E per l’oftalmologia? “Dalla visione generale appena esposta si può scendere nel particolare, cioè nell’ambito della nostra specialità – ha fatto sapere il presidente dell’Associazione Italiana dei Medici Oculisti, Luca Menabuoni – per affermare che le criticità sono le stesse. Il motore si è fermato e così tutte le attività ambulatoriali e chirurgiche non urgenti, in particolare si sono fermati gli interventi di cataratta per ben 3 mesi. Se si pensa che in un anno ne facevamo circa 600.000 in Italia, si fa presto a fare i conti. E la ripartenza sarà molto rallentata, per rispettare le nuove procedure di accettazione, sanificazione e dimissione, non sarà possibile effettuare più di un intervento per ora. Anche operando ininterrottamente non sarà possibile fare i numeri di prima, quando facevamo 3-4 interventi l’ora”. Altra criticità sono le prestazioni ambulatoriali, perché gli spazi all’interno degli ospedali “sono angusti, a volte le sale di attesa sono poco più che corridoi- ha aggiunto- e far rispettare il distanziamento sociale determinerà un enorme allungamento delle liste di attesa”.

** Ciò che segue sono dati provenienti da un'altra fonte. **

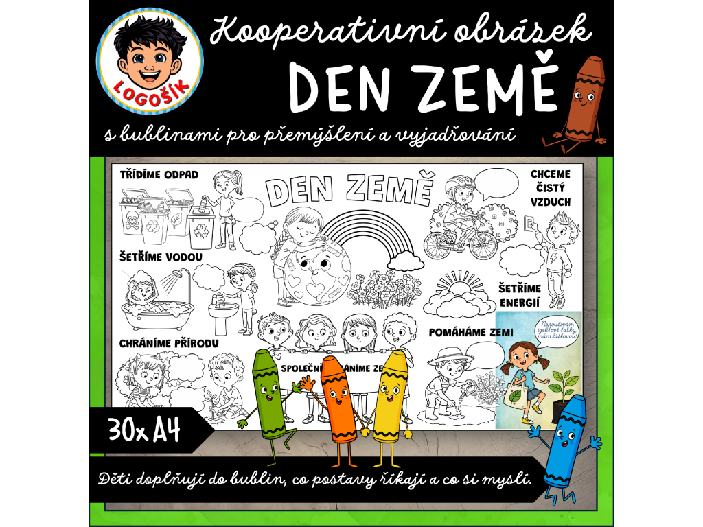 Tento kooperativní obrázek nabízí hotové řešení. Děti společně tvoří velký obrázek, doplňují do bublin, co postavy říkají a co si myslí, a přirozeně si tak rozvíjejí vyjadřování, přemýšlení i spolupráci.
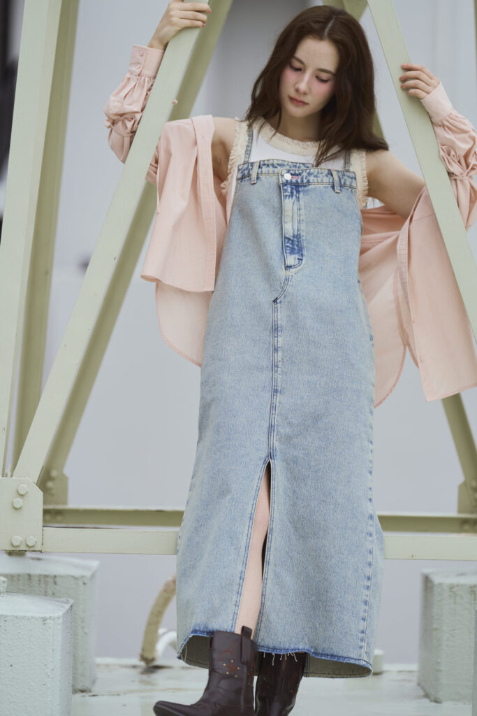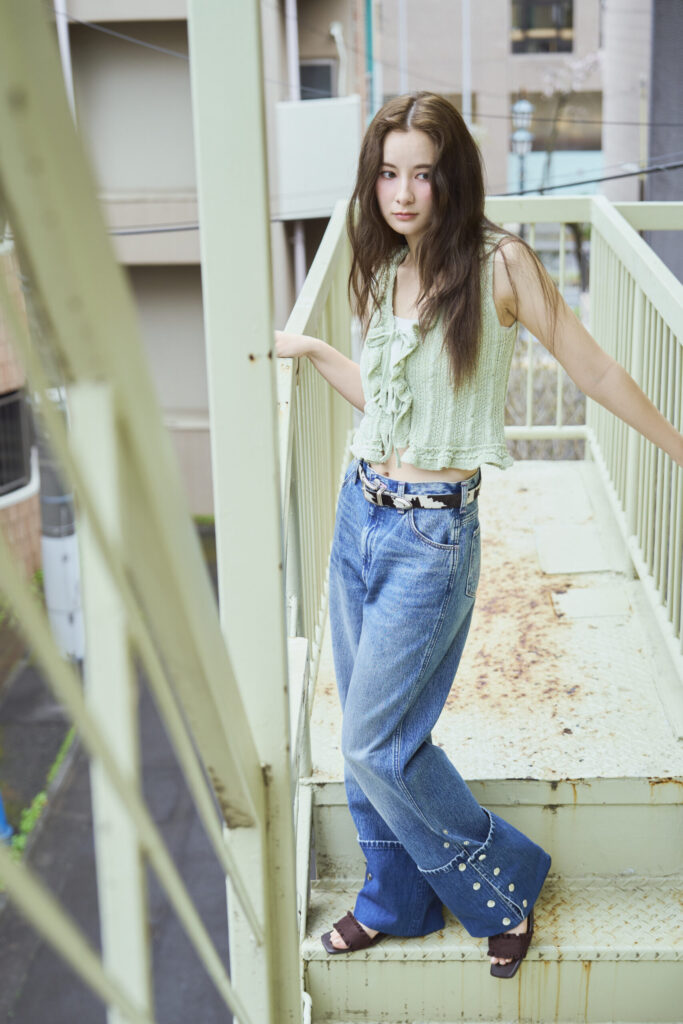 本コレクションは、Wranglerの持つ本格的なデニムの魅力に、カルナムールらしいフェミニンなエッセンスを掛け合わせた特別なラインアップです。ラフさの中にほんのり甘さを感じさせる、デイリーに取り入れやすいスタイルを提案しています。
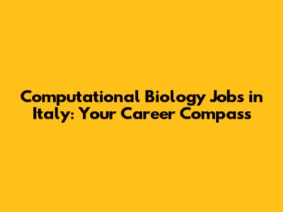 Computational Biology Jobs In Italy: Your Career Compass

Quindi per Menabuoni sarà necessario “non solo incrementare il numero degli specialisti, ma anche trovare spazi adeguati per farli lavorare. Altro key point sarebbe quello di dotare tutti gli ambulatori Asl di strumenti diagnostici adeguati per evitare l’imbuto delle visite ospedaliere, penso all’OCT per la diagnosi delle maculopatie. Molte i altri punti sarebbero da evidenziare, ma tra questi uno dei principali dovrebbe essere quello di onorare col dovuto rispetto economico i professionisti. Altrimenti sarà inutile formare tanti nuovi giovani perché, per forza di cose, andranno a lavorare negli altri Paesi comunitari dove gli stipendi sono più adeguati”.
Infine, secondo il presidente di AIMO, c’è bisogno di “fare chiarezza affinché le varie figure professionali non vengano confuse. I medici da sempre sono chiamati ‘camici bianchi’, ecco basterebbe limitare l’uso di questo ai soli medici e tanti equivoci sarebbero evitati”, ha concluso.